Task item: In the entries below, copy only the lines from the one that contains "This plus size" through the last line, exactly, and omit any pictures.

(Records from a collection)
********

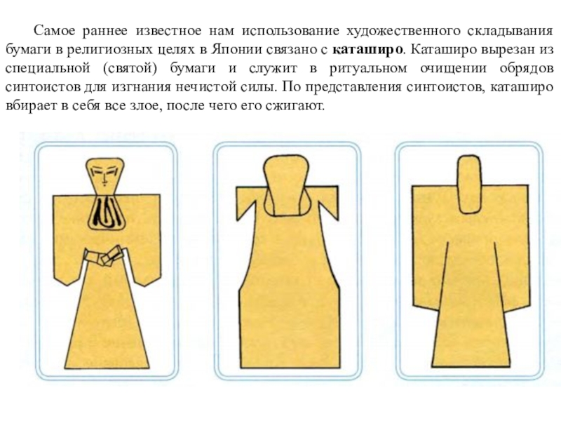 Слайд 5 Самое раннее известное нам использование художественного складывания бумаги в религиозных целях
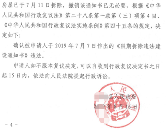 章然典型案例分享:街道办因超越法定职权发限拆通知?复议机关确认:违法!
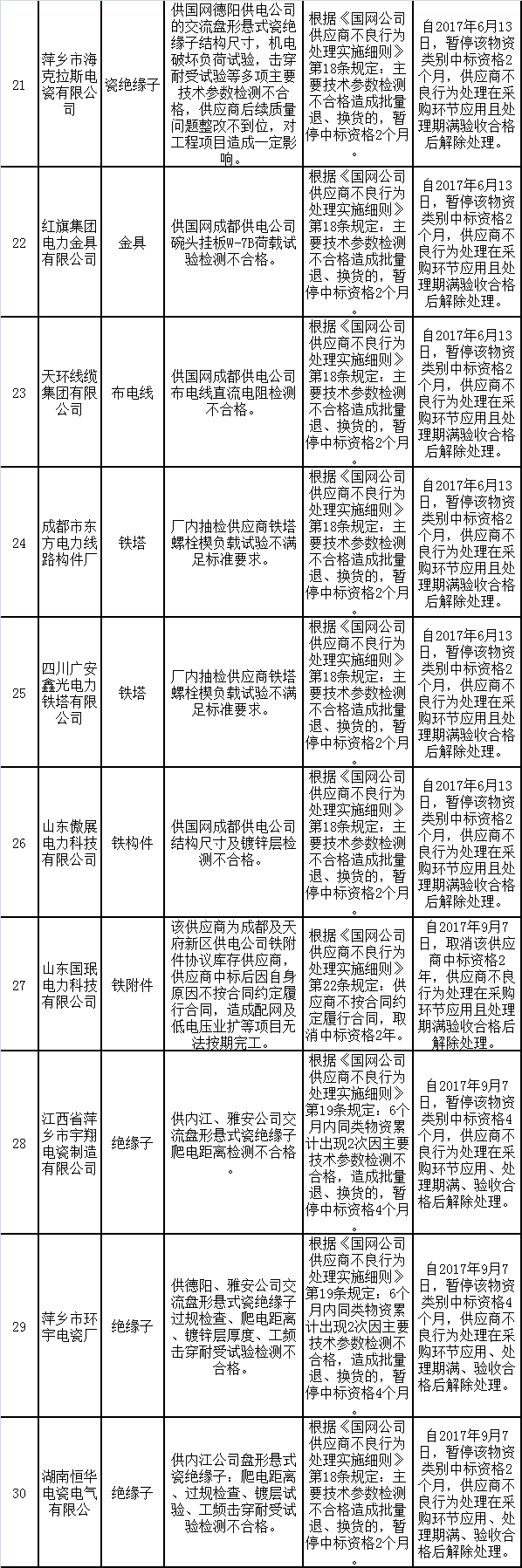 為促進(jìn)供應(yīng)商誠(chéng)信履約,保證產(chǎn)品質(zhì)量,確保電網(wǎng)建設(shè)順利進(jìn)行及安全可靠供電,依據(jù)《國(guó)家電網(wǎng)公司供應(yīng)商不良行為處理管理細(xì)則》的有關(guān)規(guī)定,對(duì)出現(xiàn)產(chǎn)品質(zhì)量問(wèn)題、履約不誠(chéng)信等問(wèn)題的供應(yīng)商進(jìn)行了處理。具體處理情況如下:
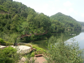 진천 가볼만한곳 베스트 10 여덟 번째! 초평호반 한 가운데를 가로질러 걸어볼 수 있는 다리가 하늘다리이다. 아름다운 주변 풍광을 돌아보면서 약간씩 출렁거리는 다리를 건너보는 아찔한 묘미를 지니고 있는 이곳은 남녀노소 누구든지에게 즐거운 진천의 대표적 관광명소가 되고 있다.
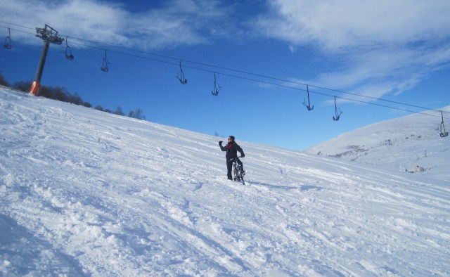 La velocidad no es excesiva, gracias a que la nieve no está tan dura como en las pistas, pero si no quieres embalarte mucho, en la parte más pendiente conviene hacer diagonales (igual que en el esquí); la misma técnica para pararte, te pones de lado a la pendiente y derrapas algo con la rueda. Los frenos aquí no sirven de nada…
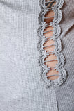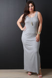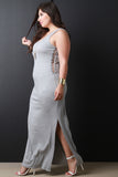 This plus size maxi dress features a ribbed knit fabrication, scooped neckline, sleeveless design, beautiful lace inset at sides, and finished with side slit. Accessories sold separately. 96% Rayon, 4% Spandex.
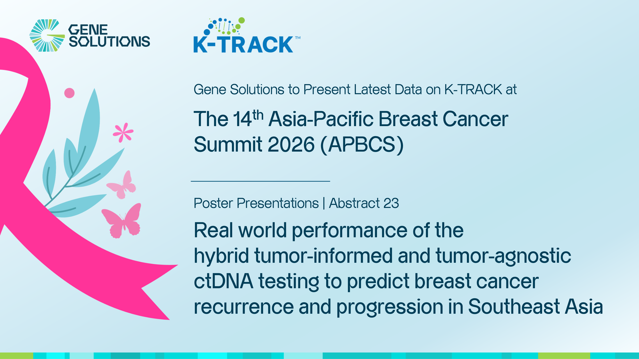 Penang, Malaysia – At the 14th Asia-Pacific Breast Cancer Summit (APBCS) 2026, Gene Solutions presented real-world data on K-TRACK, a novel hybrid circulating tumor DNA (ctDNA) testing approach. This integrative method, combining tumor-informed and tumor-agnostic approach, addresses a critical gap in precision oncology: the challenge of obtaining high-quality tissue specimens in diverse clinical settings.
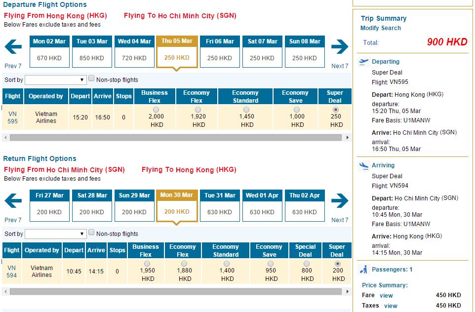 經我們測試,以胡志明市3月5日去,3月30日返為例
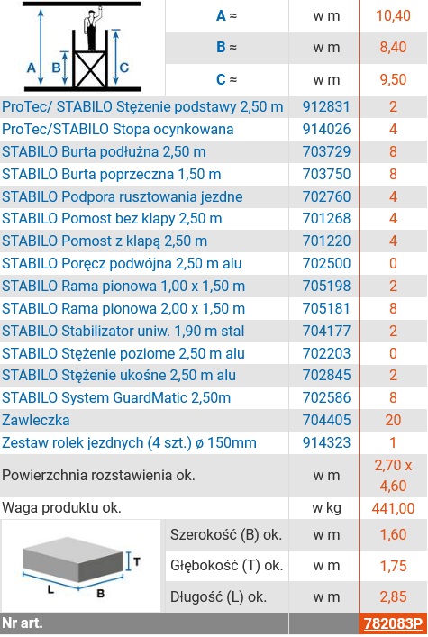 STABILO 50 1,50 x 2,50 wys. robocza 10,40 m

********

Answer space:
 This plus size maxi dress features a ribbed knit fabrication, scooped neckline, sleeveless design, beautiful lace inset at sides, and finished with side slit. Accessories sold separately. 96% Rayon, 4% Spandex.
 Penang, Malaysia – At the 14th Asia-Pacific Breast Cancer Summit (APBCS) 2026, Gene Solutions presented real-world data on K-TRACK, a novel hybrid circulating tumor DNA (ctDNA) testing approach. This integrative method, combining tumor-informed and tumor-agnostic approach, addresses a critical gap in precision oncology: the challenge of obtaining high-quality tissue specimens in diverse clinical settings.
 經我們測試,以胡志明市3月5日去,3月30日返為例
 STABILO 50 1,50 x 2,50 wys. robocza 10,40 m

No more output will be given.